══ Provided records

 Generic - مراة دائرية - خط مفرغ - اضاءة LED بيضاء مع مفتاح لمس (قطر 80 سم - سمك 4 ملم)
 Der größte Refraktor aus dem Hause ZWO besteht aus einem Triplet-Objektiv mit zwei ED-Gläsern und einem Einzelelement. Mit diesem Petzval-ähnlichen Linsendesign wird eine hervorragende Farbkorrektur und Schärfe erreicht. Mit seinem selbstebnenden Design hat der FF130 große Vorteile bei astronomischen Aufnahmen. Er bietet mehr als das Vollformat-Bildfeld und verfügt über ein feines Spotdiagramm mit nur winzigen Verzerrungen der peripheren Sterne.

════
══ Provided records

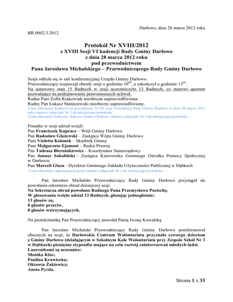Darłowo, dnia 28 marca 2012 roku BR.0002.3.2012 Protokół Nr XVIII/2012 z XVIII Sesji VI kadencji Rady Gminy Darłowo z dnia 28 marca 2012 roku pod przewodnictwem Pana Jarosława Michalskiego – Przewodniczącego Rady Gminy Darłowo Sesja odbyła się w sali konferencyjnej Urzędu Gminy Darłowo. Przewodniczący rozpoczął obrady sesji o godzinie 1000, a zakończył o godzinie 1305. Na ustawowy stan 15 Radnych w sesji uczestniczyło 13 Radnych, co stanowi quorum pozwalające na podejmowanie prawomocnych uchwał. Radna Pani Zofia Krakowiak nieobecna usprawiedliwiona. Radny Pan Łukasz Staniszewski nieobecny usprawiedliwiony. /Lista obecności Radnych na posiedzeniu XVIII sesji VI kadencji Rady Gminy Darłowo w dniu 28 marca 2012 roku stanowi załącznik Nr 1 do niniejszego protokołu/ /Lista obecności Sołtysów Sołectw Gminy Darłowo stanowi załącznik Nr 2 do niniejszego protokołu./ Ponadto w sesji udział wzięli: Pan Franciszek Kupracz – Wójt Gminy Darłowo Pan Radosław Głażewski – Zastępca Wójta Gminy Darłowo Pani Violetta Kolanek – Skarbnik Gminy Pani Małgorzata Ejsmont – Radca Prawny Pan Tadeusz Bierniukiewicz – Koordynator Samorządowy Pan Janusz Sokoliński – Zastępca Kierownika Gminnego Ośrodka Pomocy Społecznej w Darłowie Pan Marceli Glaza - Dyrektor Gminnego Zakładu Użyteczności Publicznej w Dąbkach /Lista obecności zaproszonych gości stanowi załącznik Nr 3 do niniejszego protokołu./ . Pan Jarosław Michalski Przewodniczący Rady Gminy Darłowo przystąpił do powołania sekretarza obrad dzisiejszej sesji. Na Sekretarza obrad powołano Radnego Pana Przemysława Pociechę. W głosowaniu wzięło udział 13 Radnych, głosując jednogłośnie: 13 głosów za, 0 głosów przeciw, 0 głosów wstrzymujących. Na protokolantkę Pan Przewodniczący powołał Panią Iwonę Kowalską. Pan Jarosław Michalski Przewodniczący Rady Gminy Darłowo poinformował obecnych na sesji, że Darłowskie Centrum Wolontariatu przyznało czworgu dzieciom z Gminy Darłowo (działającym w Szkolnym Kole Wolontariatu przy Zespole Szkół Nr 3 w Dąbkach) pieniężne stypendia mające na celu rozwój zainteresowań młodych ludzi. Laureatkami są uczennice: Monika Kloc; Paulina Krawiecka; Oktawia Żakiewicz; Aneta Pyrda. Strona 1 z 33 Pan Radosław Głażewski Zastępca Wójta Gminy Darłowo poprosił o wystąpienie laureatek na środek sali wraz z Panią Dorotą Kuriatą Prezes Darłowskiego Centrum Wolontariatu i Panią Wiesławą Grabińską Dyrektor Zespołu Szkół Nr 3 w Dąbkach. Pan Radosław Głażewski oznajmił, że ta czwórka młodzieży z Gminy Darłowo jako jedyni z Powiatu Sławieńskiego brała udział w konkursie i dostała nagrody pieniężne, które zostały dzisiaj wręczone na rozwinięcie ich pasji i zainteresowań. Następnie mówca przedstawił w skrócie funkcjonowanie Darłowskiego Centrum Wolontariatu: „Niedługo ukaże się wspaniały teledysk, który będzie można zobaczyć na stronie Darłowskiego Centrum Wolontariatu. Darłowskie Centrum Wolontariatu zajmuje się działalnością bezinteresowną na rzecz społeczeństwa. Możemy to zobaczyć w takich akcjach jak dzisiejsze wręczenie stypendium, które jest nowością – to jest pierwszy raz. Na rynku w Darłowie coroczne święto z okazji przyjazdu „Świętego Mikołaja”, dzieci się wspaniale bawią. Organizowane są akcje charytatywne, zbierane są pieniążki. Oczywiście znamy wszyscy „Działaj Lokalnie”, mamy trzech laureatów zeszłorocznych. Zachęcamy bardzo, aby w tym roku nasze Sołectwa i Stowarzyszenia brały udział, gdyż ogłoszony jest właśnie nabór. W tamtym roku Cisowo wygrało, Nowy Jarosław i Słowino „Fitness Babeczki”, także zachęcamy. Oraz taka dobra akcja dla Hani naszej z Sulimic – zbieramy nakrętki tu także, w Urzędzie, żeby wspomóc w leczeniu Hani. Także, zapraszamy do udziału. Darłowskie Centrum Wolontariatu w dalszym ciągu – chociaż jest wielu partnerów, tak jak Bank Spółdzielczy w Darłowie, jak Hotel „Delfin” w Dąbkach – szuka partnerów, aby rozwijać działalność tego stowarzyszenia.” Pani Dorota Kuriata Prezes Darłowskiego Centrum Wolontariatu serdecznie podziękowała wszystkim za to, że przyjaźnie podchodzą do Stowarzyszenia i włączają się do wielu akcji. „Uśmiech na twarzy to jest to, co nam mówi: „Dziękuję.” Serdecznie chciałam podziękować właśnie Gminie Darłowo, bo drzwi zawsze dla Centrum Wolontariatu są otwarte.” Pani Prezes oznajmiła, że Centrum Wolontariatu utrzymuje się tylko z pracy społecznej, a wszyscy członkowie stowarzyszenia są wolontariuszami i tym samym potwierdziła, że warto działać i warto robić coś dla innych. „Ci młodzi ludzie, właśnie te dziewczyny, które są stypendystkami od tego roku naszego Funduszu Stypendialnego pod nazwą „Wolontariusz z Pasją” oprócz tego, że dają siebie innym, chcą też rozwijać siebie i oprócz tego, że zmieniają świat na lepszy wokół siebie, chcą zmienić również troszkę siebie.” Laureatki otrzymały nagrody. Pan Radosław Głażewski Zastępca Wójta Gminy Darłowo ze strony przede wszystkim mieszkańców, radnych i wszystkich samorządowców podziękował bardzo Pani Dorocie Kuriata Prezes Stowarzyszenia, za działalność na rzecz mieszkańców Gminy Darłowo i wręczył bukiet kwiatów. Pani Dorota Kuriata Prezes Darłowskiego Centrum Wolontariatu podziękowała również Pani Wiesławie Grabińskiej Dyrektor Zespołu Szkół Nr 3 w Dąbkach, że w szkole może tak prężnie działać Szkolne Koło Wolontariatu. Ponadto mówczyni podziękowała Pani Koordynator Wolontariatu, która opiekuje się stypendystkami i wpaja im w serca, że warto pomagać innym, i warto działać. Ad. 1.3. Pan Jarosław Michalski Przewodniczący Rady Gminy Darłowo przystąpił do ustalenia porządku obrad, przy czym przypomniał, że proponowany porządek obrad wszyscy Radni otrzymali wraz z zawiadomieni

════

What to produce —
Here the output must be the lines above from the line with "Generic - مراة" to the line with "Der größte Refraktor", both included, duplicated word for word and nothing else.

Answer box —
 Generic - مراة دائرية - خط مفرغ - اضاءة LED بيضاء مع مفتاح لمس (قطر 80 سم - سمك 4 ملم)
 Der größte Refraktor aus dem Hause ZWO besteht aus einem Triplet-Objektiv mit zwei ED-Gläsern und einem Einzelelement. Mit diesem Petzval-ähnlichen Linsendesign wird eine hervorragende Farbkorrektur und Schärfe erreicht. Mit seinem selbstebnenden Design hat der FF130 große Vorteile bei astronomischen Aufnahmen. Er bietet mehr als das Vollformat-Bildfeld und verfügt über ein feines Spotdiagramm mit nur winzigen Verzerrungen der peripheren Sterne.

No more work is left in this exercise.